Been Down So Long, ‘The Road’ Looks Like Up to Me

What’s the last rung of the humanity ladder before we are no longer recognizable?

All too often, lately, we’re face to face with the latest new low. We’re at a new low, economically. Same with the relationship between two religiously polarized halves of the world. Ditto our relationships to one another politically in this country. Same with our deteriorating environment. We even enjoy watching new globally disastrous lows in our movies, from “Independence Day” to “2012.”

But even as we weather these lows, hardly even noticing how resigned we’ve become to them, there’s a sort of philosophical consolation prize to be appreciated. These extreme states help remind us who we are.

Nothing expresses this more eloquently than “The Road,” a book that emerged from the darkest depths of Cormac McCarthy’s midnight of the soul. And now it’s a movie, starring Viggo Mortensen and Kodi Smit-McPhee, a sensational kid who would have anyone reaching for adoption papers.

As the movie shows, McCarthy’s vision is the ultimate bummer scenario. The world’s all but destroyed from a nonspecific sequence of events. It’s abstract, but it’s there. A sense of hell, destruction, the end. There’s no food to be found. No animals. Homes charred and empty. Buildings destroyed. People have taken to driving around in hunting parties to eat their own species. Some keep their victims in a basement, to feed on them later.

The horror isn’t just external. It’s internal, a feeling everyone shares. A creeping apocalypse of the spirit. It’s the knowledge that everyone is out for survival but also that humans have run their course.

This fight to stay alive will not save the race. The cockroaches will soon get free run of the planet. It’s a world of despair. And we watch with unflagging horror and dread as an unnamed father (Mortensen) and his young boy (Smit-McPhee) negotiate their way through this existential wasteland.

The father has two bullets in the chamber of his gun. If things get too bad, if they find themselves surrounded by cannibals for instance, he intends to use them for himself and his son.

But the point here isn’t to rehash the movie. It’s to suggest that seeing it reminds us of some touching and powerful matters. This isn’t just about two people trying to survive, it’s also about trying to figure what’s still wrong and what’s still right.  

It’s only at this level of existence that we truly discover what we’re all about. When nothing matters except daily, hourly survival, what do we retain as our ultimate values? Who are we when we’re whittled down to our ultimate state?

What will we give up? What won’t we? What’s important? What’s the last rung of the humanity ladder before we are no longer recognizable?

These questions get their answer. It’s simple, even hokey. But it’s also deeply satisfying. Are you ready for this? It’s love. No, really. And what makes this seem like a thunderous new pronouncement from an ancient stone tablet, is the way that the father protects his son, and the way the son holds on to his innocence and his love for people.

What we see, amid all this gloom and doom, is that the love between this father and his son proves that survival really is worth the trouble.

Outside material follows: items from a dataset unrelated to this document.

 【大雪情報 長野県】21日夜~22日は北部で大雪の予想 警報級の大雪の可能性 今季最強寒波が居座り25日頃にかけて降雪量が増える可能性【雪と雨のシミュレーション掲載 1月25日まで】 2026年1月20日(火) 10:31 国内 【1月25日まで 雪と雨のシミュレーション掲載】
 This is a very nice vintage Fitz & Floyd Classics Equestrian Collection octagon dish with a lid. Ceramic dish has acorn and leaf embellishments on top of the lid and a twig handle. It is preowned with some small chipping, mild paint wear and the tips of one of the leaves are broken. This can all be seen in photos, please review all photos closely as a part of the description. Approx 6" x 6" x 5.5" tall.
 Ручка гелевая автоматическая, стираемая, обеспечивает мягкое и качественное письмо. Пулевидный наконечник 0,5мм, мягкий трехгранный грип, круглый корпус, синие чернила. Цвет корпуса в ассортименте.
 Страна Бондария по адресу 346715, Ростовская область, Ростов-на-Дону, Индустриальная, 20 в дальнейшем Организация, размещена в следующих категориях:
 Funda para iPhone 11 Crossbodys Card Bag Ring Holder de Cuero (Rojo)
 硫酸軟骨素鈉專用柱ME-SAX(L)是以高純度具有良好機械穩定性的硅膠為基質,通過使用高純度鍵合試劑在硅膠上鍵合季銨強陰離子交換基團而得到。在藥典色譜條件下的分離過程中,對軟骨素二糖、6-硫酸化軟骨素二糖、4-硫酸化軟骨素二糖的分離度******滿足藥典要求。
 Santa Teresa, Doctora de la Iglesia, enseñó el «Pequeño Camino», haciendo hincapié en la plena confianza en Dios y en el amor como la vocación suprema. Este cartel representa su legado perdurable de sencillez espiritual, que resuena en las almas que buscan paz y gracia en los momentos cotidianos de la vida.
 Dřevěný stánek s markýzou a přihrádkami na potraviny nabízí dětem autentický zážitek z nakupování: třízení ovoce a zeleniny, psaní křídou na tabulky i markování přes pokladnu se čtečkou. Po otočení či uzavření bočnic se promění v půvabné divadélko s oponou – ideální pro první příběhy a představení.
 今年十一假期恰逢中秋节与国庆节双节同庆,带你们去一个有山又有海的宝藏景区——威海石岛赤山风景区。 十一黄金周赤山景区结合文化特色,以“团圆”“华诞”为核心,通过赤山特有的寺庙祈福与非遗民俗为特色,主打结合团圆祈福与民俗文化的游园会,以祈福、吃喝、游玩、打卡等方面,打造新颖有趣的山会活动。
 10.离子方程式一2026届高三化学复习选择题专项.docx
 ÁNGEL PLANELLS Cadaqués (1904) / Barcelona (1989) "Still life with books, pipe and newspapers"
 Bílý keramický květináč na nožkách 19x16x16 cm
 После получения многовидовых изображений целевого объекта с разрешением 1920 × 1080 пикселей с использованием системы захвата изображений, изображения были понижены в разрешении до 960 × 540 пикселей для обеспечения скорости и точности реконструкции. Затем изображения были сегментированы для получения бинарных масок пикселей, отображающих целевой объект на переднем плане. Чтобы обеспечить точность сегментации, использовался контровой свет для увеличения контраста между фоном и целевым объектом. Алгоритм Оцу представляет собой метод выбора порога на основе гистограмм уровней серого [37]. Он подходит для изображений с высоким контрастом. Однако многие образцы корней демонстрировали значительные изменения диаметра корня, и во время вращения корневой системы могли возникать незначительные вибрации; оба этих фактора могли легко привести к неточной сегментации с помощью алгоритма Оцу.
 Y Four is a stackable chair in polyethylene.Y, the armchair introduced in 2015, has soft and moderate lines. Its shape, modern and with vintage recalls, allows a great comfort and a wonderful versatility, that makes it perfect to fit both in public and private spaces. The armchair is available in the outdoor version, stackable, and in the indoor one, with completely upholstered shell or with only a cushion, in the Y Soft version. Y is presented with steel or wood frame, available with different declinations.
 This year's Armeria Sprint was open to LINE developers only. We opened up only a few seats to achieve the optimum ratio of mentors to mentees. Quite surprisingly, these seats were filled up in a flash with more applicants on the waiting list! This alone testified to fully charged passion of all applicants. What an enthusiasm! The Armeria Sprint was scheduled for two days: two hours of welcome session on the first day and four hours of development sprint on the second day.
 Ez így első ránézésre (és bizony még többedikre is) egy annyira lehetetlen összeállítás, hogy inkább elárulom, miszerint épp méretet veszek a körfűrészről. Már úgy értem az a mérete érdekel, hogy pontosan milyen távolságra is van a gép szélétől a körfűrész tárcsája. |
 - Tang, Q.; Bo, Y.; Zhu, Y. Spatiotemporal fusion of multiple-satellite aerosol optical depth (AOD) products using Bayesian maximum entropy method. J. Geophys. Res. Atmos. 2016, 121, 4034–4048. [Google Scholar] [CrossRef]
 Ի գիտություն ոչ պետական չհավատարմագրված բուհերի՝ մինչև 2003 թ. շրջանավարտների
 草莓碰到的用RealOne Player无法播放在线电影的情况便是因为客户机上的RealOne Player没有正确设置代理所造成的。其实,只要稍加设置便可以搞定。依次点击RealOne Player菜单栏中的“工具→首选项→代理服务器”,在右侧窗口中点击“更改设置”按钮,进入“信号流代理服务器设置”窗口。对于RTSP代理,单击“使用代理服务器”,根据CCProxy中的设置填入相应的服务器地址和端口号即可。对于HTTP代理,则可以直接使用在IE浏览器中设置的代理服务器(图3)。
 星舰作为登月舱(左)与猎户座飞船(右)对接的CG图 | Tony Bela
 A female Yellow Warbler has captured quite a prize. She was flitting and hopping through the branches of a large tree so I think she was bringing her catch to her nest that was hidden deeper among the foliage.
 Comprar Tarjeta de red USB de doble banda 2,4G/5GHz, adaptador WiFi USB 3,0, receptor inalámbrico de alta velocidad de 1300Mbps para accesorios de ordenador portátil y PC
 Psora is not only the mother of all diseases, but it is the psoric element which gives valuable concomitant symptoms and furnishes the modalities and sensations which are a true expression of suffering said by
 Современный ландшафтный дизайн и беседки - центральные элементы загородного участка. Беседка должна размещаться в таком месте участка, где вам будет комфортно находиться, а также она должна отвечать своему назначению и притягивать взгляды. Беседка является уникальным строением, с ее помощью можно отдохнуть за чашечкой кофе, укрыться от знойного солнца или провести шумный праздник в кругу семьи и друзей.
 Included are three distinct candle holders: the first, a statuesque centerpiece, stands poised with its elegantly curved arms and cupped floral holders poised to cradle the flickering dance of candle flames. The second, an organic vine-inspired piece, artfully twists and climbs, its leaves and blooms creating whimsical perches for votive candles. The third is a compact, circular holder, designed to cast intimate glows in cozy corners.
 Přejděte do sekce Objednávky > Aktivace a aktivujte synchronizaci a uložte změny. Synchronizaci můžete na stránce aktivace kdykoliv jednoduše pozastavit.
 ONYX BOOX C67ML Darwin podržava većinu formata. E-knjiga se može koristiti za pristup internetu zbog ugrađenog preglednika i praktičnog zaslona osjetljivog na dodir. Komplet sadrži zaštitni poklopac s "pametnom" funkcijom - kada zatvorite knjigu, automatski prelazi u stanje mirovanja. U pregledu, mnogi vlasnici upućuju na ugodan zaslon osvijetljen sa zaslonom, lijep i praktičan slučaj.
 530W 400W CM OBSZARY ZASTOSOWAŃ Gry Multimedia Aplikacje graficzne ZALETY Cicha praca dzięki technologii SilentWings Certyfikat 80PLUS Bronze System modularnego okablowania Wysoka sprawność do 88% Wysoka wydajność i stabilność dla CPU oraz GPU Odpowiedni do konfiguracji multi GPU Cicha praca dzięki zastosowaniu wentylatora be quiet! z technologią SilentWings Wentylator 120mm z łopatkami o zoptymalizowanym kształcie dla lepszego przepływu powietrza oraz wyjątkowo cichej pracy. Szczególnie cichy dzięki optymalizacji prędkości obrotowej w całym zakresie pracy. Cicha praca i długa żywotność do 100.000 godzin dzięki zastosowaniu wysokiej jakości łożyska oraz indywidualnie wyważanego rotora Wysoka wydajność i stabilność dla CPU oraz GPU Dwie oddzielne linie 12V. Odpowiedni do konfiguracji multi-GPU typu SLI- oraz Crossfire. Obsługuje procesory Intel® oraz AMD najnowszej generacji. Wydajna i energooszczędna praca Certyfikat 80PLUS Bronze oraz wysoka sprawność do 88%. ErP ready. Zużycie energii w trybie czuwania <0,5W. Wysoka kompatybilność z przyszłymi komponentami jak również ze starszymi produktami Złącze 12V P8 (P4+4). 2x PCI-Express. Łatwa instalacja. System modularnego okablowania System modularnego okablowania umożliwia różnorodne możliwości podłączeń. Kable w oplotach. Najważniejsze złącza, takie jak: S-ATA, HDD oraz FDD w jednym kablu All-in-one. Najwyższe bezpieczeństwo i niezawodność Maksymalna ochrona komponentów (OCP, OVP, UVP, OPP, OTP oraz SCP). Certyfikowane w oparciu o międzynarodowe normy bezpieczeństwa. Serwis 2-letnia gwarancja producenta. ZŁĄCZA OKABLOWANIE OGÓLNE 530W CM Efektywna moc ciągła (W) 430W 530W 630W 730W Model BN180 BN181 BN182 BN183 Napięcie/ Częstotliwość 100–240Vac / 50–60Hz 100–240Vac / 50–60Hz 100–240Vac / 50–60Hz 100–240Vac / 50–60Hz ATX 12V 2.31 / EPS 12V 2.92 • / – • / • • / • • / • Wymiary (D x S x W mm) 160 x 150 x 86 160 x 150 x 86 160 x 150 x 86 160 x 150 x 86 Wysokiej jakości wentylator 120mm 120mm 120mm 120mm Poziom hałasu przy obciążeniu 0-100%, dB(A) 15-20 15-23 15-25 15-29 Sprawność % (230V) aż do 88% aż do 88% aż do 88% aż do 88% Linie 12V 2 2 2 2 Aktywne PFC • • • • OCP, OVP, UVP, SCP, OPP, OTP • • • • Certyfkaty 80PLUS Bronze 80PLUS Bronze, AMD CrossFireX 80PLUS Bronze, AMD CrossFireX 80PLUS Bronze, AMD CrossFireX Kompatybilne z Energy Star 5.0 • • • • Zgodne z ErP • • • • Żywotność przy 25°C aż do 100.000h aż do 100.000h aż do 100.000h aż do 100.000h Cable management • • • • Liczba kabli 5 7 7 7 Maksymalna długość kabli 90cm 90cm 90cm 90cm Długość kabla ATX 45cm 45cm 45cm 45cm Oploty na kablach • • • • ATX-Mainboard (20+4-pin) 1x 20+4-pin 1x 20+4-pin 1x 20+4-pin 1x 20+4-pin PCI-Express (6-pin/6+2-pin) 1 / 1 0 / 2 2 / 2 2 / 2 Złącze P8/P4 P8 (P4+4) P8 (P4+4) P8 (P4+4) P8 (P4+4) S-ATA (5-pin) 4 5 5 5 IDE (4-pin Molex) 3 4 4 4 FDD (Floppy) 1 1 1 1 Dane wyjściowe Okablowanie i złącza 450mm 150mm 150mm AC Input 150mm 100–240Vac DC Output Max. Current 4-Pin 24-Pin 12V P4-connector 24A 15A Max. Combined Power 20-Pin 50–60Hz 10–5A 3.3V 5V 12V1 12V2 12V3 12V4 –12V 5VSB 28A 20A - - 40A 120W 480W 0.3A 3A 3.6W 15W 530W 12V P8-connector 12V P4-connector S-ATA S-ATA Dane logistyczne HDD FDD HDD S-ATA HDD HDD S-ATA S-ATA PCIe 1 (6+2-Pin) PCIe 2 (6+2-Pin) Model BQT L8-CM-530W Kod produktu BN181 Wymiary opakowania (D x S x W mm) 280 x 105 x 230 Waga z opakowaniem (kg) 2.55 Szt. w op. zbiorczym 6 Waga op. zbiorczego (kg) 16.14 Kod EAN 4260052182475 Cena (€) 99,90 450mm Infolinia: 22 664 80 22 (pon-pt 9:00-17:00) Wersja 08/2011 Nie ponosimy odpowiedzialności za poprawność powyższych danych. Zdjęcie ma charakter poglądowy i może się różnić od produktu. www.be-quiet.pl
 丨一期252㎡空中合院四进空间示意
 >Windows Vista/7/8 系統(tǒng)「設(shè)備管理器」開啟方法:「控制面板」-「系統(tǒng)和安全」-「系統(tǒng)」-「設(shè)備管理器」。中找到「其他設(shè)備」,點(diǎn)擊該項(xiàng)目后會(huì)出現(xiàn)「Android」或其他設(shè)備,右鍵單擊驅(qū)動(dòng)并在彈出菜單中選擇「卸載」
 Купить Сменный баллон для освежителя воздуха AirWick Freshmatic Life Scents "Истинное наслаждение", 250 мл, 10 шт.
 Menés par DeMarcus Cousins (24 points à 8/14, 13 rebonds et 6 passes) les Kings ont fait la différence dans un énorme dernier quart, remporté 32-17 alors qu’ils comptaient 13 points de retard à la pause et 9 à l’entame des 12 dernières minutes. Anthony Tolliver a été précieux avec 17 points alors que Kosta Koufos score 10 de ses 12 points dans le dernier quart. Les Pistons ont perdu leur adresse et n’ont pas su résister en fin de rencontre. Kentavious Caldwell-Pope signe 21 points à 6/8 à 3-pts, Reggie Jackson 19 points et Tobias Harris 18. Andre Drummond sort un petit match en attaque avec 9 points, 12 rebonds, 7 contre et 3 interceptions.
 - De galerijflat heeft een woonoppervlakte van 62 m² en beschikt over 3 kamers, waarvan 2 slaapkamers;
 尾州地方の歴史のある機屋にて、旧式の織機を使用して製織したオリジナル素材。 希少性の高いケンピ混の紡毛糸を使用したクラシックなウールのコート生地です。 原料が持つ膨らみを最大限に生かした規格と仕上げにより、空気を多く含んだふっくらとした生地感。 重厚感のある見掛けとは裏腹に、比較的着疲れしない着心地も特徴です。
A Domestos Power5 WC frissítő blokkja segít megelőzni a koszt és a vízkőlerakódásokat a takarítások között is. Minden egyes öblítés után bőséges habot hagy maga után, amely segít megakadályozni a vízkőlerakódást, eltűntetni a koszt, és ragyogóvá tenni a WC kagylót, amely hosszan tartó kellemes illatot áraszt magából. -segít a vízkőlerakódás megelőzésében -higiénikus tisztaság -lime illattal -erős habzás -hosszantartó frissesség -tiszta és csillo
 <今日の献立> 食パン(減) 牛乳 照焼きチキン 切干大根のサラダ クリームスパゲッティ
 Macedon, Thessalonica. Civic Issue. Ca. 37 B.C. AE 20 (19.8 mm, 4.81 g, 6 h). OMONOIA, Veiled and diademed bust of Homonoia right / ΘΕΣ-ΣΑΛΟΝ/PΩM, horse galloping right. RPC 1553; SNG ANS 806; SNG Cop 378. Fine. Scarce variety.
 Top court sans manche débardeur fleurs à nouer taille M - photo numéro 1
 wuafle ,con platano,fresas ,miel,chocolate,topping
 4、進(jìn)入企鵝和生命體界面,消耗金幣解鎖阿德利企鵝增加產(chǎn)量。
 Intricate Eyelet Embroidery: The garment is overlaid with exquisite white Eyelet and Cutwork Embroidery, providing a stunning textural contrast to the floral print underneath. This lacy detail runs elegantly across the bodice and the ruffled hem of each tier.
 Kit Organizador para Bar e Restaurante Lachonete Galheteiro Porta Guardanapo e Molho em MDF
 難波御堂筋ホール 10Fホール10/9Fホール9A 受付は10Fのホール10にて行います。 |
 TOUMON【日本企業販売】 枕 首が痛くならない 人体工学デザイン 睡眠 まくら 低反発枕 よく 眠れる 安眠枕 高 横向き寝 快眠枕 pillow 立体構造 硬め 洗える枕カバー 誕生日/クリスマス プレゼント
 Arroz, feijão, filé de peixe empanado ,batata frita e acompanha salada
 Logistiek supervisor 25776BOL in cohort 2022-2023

Humans do deserve to live, at least if they carry on like these two.

“We will survive this. We’re not going to quit,” says the father with almost allegorical determination. And his pure determination, despite his fatigue, despair and trembling voice, is profoundly touching. He’s doing this for all of us, we feel. And suddenly, a new low becomes a pretty touching high.

It might even help us when we face those other lows – the ones in real life. Not too shabby an achievement for a movie.